(The task) Everything from the first line of the data below through the line that contains "Мойка, смеситель, стеновая" should be written out exactly, please, and nothing more; the pictures stay out.

(Extracted information)
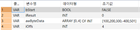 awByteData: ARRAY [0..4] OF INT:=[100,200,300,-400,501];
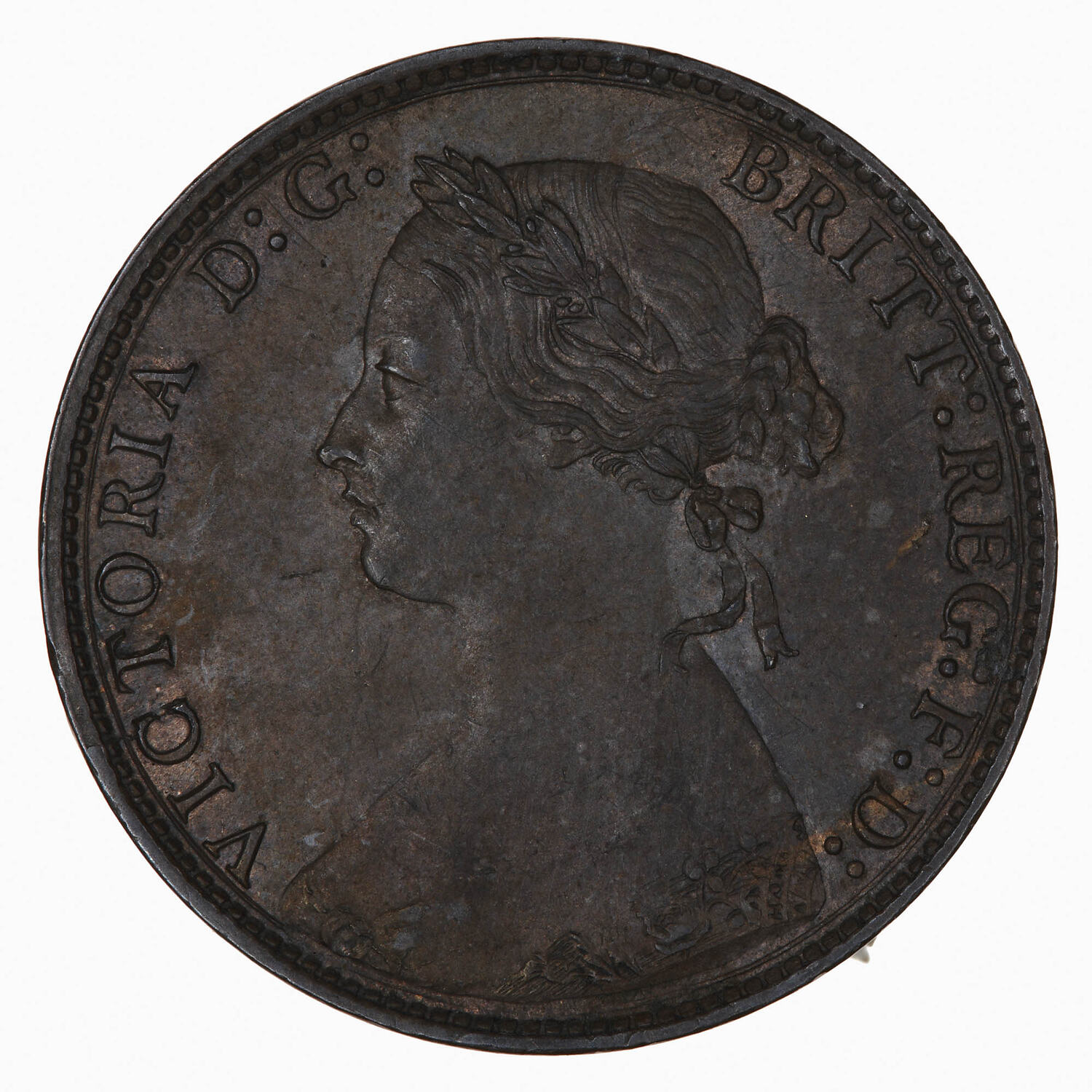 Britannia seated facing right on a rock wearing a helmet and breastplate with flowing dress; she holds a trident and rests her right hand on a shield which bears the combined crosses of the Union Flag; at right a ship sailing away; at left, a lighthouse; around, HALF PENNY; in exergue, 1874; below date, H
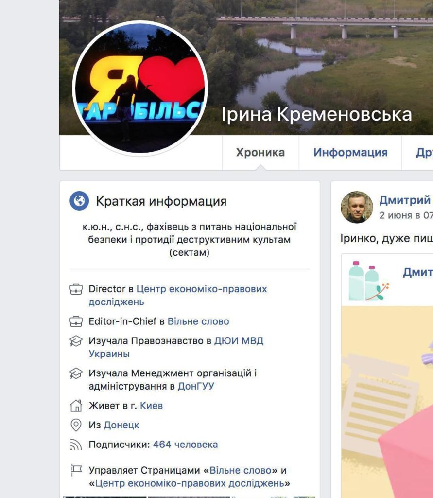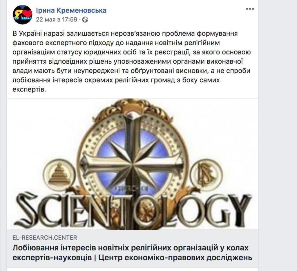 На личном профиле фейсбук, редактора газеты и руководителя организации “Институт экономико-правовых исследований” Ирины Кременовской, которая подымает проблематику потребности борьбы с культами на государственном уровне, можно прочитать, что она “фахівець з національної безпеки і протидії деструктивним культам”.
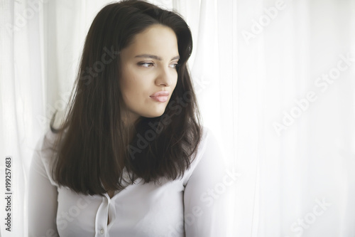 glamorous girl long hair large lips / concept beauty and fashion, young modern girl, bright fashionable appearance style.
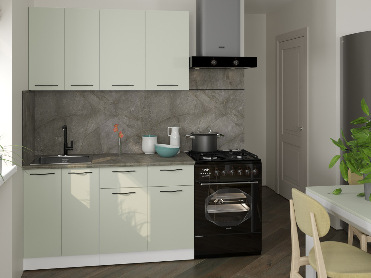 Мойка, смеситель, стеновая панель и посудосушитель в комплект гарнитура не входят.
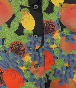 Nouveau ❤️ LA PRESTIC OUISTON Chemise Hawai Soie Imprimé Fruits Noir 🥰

(Output for this exercise)
 awByteData: ARRAY [0..4] OF INT:=[100,200,300,-400,501];
 Britannia seated facing right on a rock wearing a helmet and breastplate with flowing dress; she holds a trident and rests her right hand on a shield which bears the combined crosses of the Union Flag; at right a ship sailing away; at left, a lighthouse; around, HALF PENNY; in exergue, 1874; below date, H
 На личном профиле фейсбук, редактора газеты и руководителя организации “Институт экономико-правовых исследований” Ирины Кременовской, которая подымает проблематику потребности борьбы с культами на государственном уровне, можно прочитать, что она “фахівець з національної безпеки і протидії деструктивним культам”.
 glamorous girl long hair large lips / concept beauty and fashion, young modern girl, bright fashionable appearance style.
 Мойка, смеситель, стеновая панель и посудосушитель в комплект гарнитура не входят.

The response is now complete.